**Task requirements:** Restate every record word for word, without the pictures.

**Data to examine:**
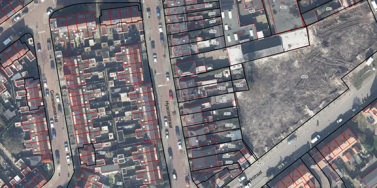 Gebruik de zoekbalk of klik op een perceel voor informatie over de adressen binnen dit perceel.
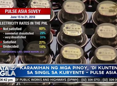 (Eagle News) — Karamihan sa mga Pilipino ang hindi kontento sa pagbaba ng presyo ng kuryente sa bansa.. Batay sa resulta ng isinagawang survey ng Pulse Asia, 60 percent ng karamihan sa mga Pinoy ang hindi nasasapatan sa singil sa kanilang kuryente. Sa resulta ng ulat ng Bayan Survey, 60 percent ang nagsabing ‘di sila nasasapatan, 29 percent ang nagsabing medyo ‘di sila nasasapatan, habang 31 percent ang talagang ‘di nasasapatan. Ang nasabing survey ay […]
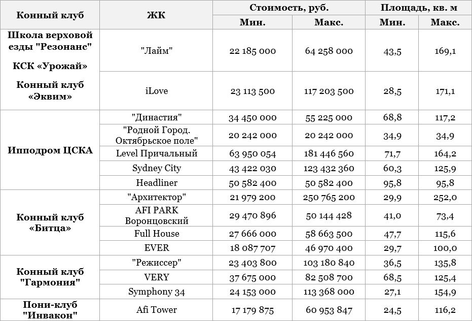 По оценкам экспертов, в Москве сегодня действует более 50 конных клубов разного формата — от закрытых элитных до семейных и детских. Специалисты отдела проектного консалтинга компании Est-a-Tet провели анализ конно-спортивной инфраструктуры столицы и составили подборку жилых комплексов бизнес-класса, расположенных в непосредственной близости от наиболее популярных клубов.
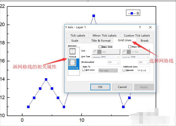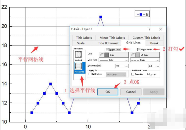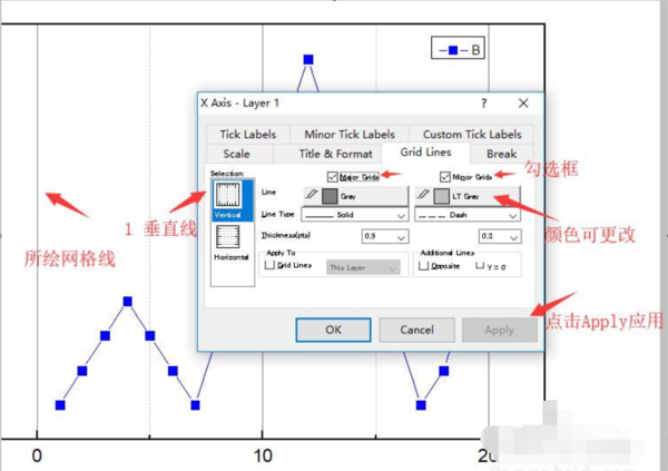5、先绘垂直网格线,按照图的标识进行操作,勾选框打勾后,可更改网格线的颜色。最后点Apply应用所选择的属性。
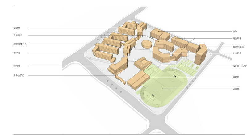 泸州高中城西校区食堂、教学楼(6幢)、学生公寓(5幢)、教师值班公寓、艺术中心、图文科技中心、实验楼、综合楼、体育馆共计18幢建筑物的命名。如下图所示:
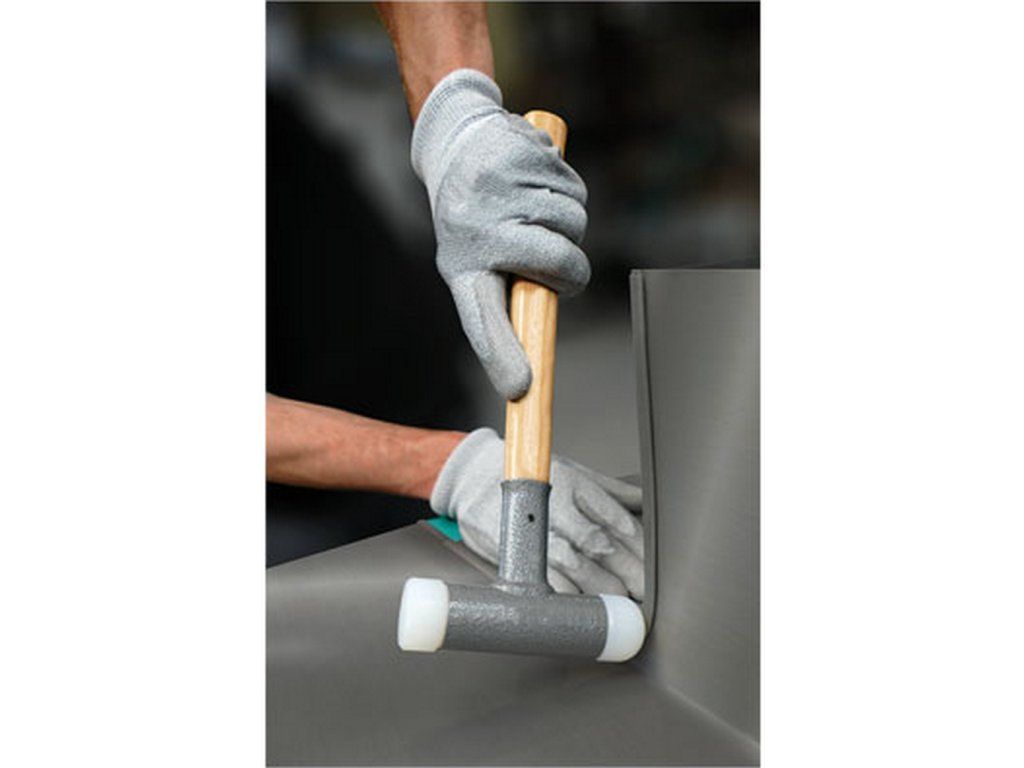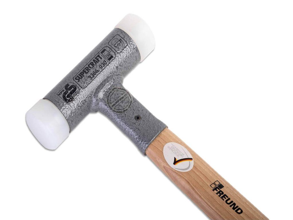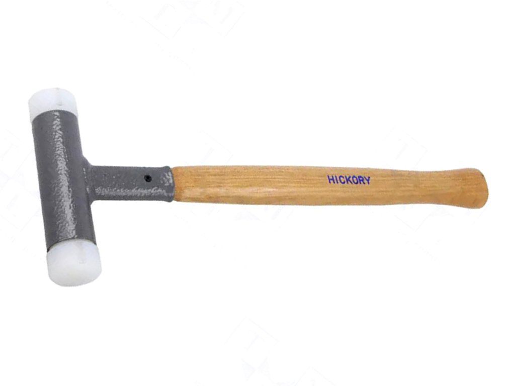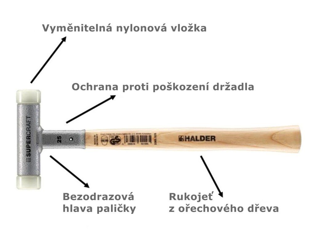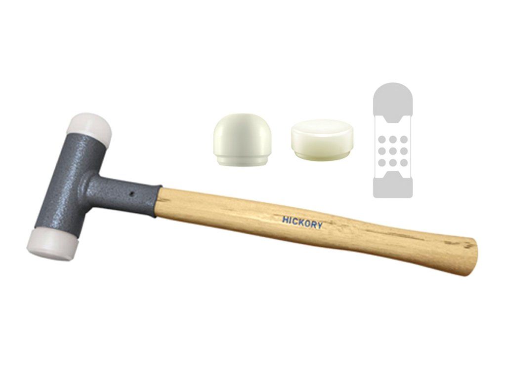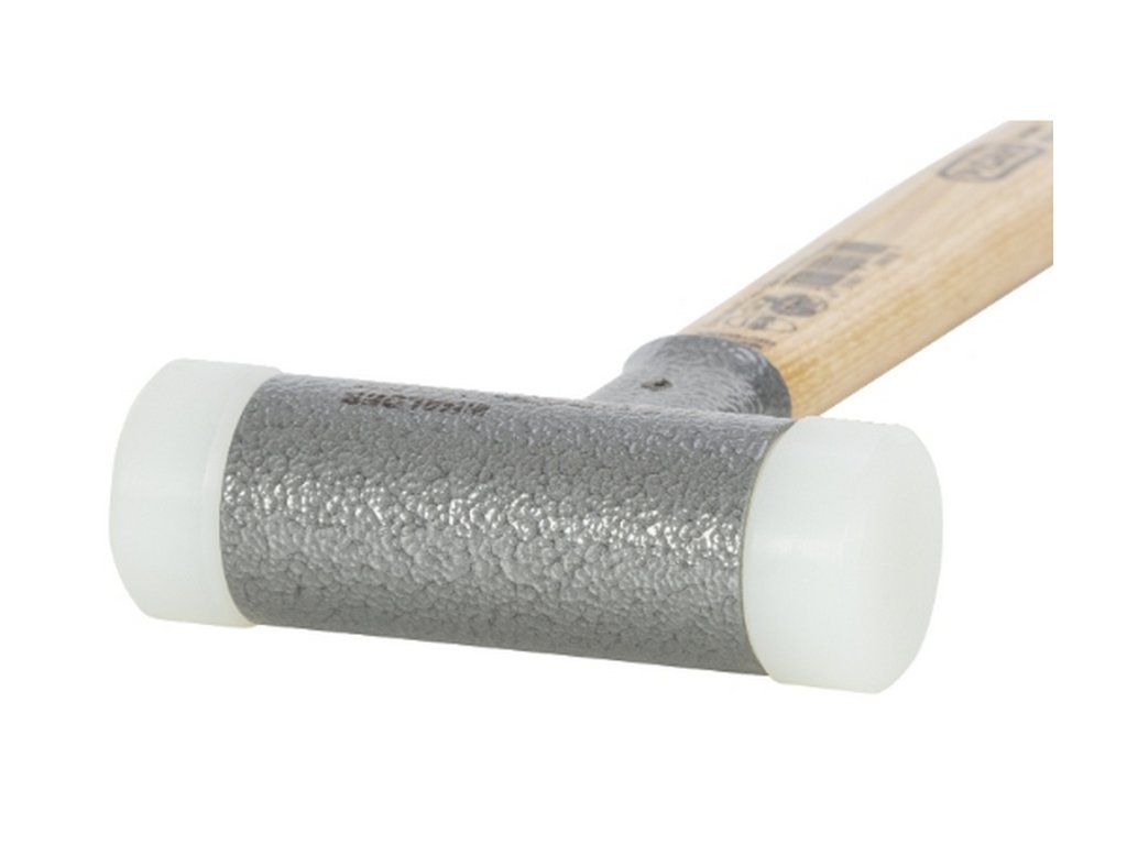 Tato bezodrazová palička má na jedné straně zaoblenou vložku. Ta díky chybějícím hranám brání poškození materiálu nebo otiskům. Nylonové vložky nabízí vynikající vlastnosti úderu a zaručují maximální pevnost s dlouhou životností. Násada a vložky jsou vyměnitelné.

**Solved exercise:**
 Gebruik de zoekbalk of klik op een perceel voor informatie over de adressen binnen dit perceel.
 (Eagle News) — Karamihan sa mga Pilipino ang hindi kontento sa pagbaba ng presyo ng kuryente sa bansa.. Batay sa resulta ng isinagawang survey ng Pulse Asia, 60 percent ng karamihan sa mga Pinoy ang hindi nasasapatan sa singil sa kanilang kuryente. Sa resulta ng ulat ng Bayan Survey, 60 percent ang nagsabing ‘di sila nasasapatan, 29 percent ang nagsabing medyo ‘di sila nasasapatan, habang 31 percent ang talagang ‘di nasasapatan. Ang nasabing survey ay […]
 По оценкам экспертов, в Москве сегодня действует более 50 конных клубов разного формата — от закрытых элитных до семейных и детских. Специалисты отдела проектного консалтинга компании Est-a-Tet провели анализ конно-спортивной инфраструктуры столицы и составили подборку жилых комплексов бизнес-класса, расположенных в непосредственной близости от наиболее популярных клубов.
5、先绘垂直网格线,按照图的标识进行操作,勾选框打勾后,可更改网格线的颜色。最后点Apply应用所选择的属性。
 泸州高中城西校区食堂、教学楼(6幢)、学生公寓(5幢)、教师值班公寓、艺术中心、图文科技中心、实验楼、综合楼、体育馆共计18幢建筑物的命名。如下图所示:
 Tato bezodrazová palička má na jedné straně zaoblenou vložku. Ta díky chybějícím hranám brání poškození materiálu nebo otiskům. Nylonové vložky nabízí vynikající vlastnosti úderu a zaručují maximální pevnost s dlouhou životností. Násada a vložky jsou vyměnitelné.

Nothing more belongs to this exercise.